This is probably for the best, as Blackwood’s sanitarium (also a castle) houses the requisite torture dungeon, complete with hunchbacked assistant Carl (Pierre Agostino – Superstition 2), wall clamps, and a guillotine. (Which I think was standard for this particular castle model.) Is the monsterus tentaculus somehow connected to Blackwood and his experiments? You bet your dime store bippy it is. Complicating things further is the arrival of Blackwood’s wife, Diane (co-writer Deedy Peters), who’s never been to the castle even though Arthur has lived there for seven years. As Diane settles in, she soon realizes that weirdness is afoot at Chez Blackwood, and joins forces with the sheriff to stomp out her husband’s chicanery. But will they be too late?
To truly embrace art, one must appreciate the low end of the spectrum as well as the high; Help Me is ambitious in its attempt to meld several sub-genres along with a message about the singularity of evil, except it falls completely short in nearly all areas. Of course, many will just outright dismiss a film like this as straight up trash; which is true, except it isn’t a cynical cash-in by a major studio looking to exploit the latest trend in terror.
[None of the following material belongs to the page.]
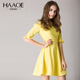 HAAOE2017春季新款女装拼接镂空蕾丝连衣裙女纯色圆领短袖中裙

Help Me was made with love by filmmakers with more moxie than talent, and I’ll take that any day.
If you’re expecting cheap sets and a locale that looks eerily similar to a mini putt course on the outskirts of L.A., you’re covered. If you need (mostly) stilted performances and ridiculous wigs, you’re set. If you’re hankering for florid dialogue delivered with awkward aplomb by the screenwriter himself, sit back and check off that box. Help Me hits every endearing trait of enjoyable schlock in a very tidy 76 minutes.
It also features some decent effects too; the decapitations work fine, the whipped and flayed nurses look swell, and our Lovecraftian monster is vague yet charming. Modest in budget shouldn’t hamper the imagination, a manifesto that Bill Greer truly believes in, at least here. (He would go on to write many episodes of Charles in Charge, speaking of horror.) The idea of isolating evil in people and having it manifest physically recalls several later Cronenberg tropes, without the underlying psychological pinning he exceled in. So I certainly won’t discredit Greer in the ongoing timeline of body horror; I mean I’d rather praise him for this than the career of Scott Baio.
And this film should be praised, within the parameters it presents: an energetic capsulation of drive-in staples – scantily clad women, hunchbacks, dismemberment, flogging, outmoded gothic death traps – told with a sincere and straight face. Help Me wants you to love it, and it’s hard not to give in.
It’s always the biggest kick to stumble across a dusty gem; unearthing the deserved is one of the great joys of being a horror fan. Do yourself a favor and track down Help Me…I’m Possessed. It’s the bewigged Lovecraft mad scientist torture flick you didn’t know you needed. Until now, neither did I.
Help Me…I’m Possessed is available on DVD as The Possessed + Demon Love Child, a double feature from Code Red.